Ein zentrales Ereignis im Leben der Hannah Arendt war zweifellos der Eichmann-Prozess. Als Prozessbeobachterin in Jerusalem fasst sie ihre Beobachtungen in einem „Bericht von der Banalität des Bösen“ zusammen. Sie löste damit einen Sturm der Entrüstung bei vielen aus - und gewinnt Zustimmung bei wenigen.

Hildegard E. Keller schildert die Debatte um dieses Buch in teilweise erfundenen Dialogen, sie lässt Freunde und Weggefährten auftreten. Wir treffen Martin Heidegger und Karl Jaspers, Gershom Scholem und Walter Benjamin, ihren Mann Heinrich Blücher, Ingeborg Bachmann und Ex-Ehemann Günther Anders.

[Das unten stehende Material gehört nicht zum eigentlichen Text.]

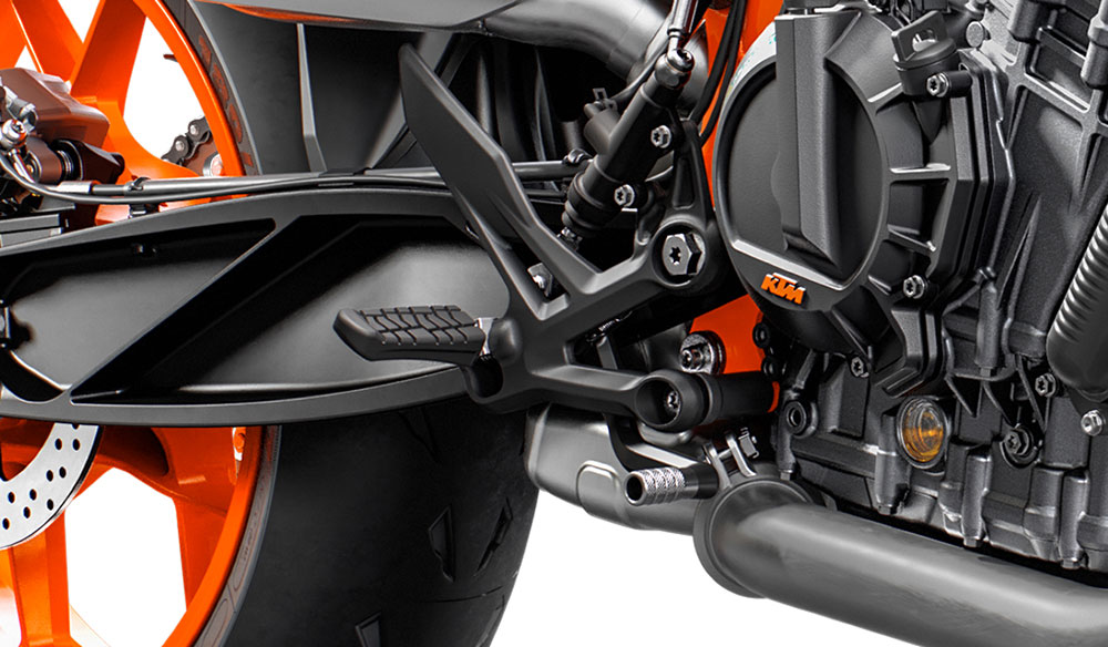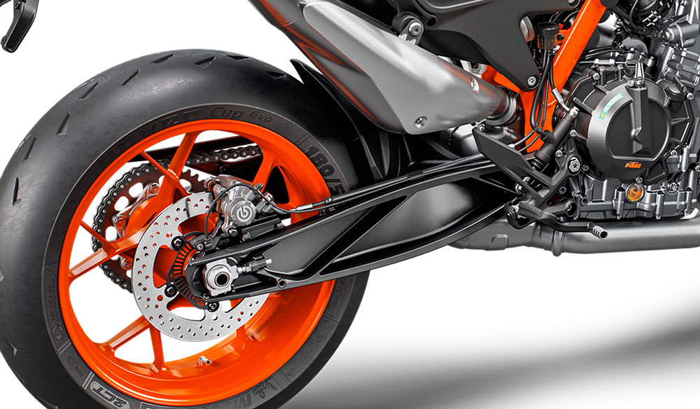 Por debajo del subchasis, el basculante fundido con un diseño abierto aumenta la estabilidad del conjunto de la suspensión trasera. A su vez, se ha aumentado en 15 mm la altura libre al suelo con respecto a la 790 para mejorar el manejo y la altura del asiento se ubica en 840 mm, siendo también más alta que la KTM 790.
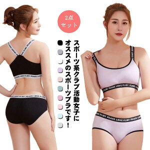 ジュニア用スポーツブラとショーツのセット 気持ちいい肌触り綿素材使用 シンプルでおしゃれな人気の英字ロゴテープデザインがポイント

Wir lernen aber auch eine andere Seite der Hannah Arendt kennen - die feinfühlige, begnadete Lyrikerin. Keller zitiert viele dieser Gedichte und hat als Titel ihres Buches die Verszeile „Was wir scheinen“ gewählt.

„Sich selbst sein, das ist das ganze Leben.“ hat der Lebensfreund Karl Jaspers seiner Hannah einmal geschrieben. Sich selbst sein - es war auch ihr ganzes Leben. Ein Leben, das Hildegard E. Keller in ihrer Romanbiografie auf überzeugende Weise beschrieben hat.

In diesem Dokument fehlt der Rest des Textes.